__YOUR GOAL__:
Beginning with the line of the entries below that holds "H2O Original: Glycerin, Water" and ending with the line that holds "上質な革を編みこんだコードは", transcribe each line exactly as written. Pictures stay out.

__LISTED RECORDS__:
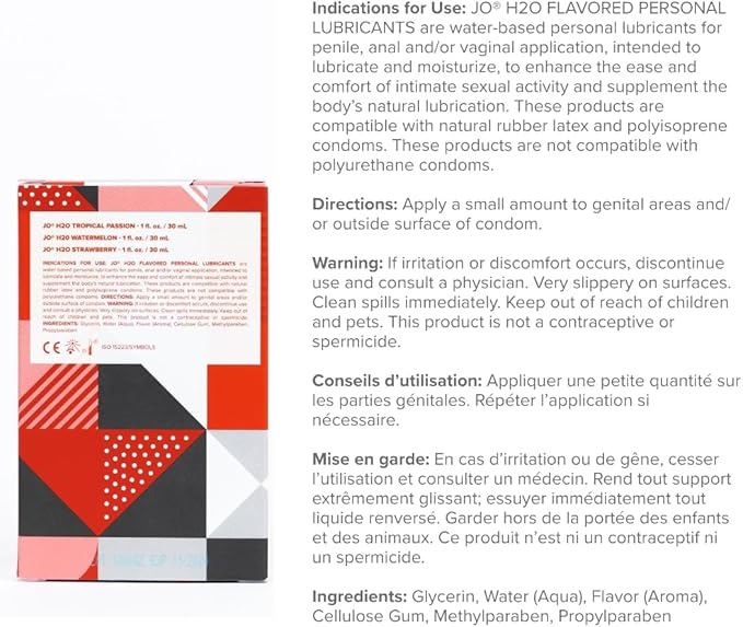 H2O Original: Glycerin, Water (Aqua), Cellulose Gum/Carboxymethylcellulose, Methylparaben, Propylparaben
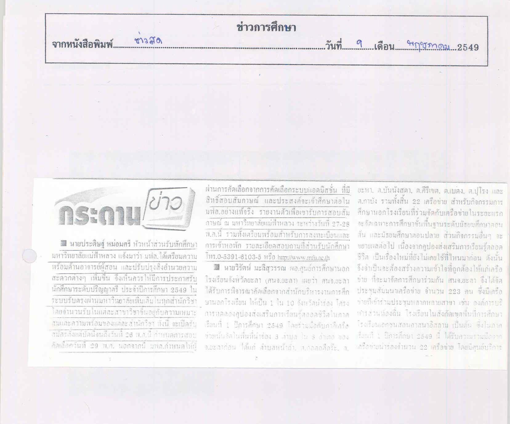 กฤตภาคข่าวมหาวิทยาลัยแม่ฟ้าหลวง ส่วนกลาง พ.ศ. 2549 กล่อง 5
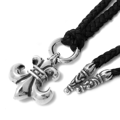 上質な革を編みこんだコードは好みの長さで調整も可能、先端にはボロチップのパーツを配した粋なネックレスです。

* * *

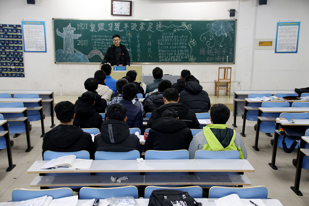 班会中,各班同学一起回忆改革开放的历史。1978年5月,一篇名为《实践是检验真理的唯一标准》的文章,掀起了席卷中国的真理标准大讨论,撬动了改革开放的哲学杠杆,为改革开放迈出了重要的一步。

__ANSWER TO THE PROBLEM__:
 H2O Original: Glycerin, Water (Aqua), Cellulose Gum/Carboxymethylcellulose, Methylparaben, Propylparaben
 กฤตภาคข่าวมหาวิทยาลัยแม่ฟ้าหลวง ส่วนกลาง พ.ศ. 2549 กล่อง 5
 上質な革を編みこんだコードは好みの長さで調整も可能、先端にはボロチップのパーツを配した粋なネックレスです。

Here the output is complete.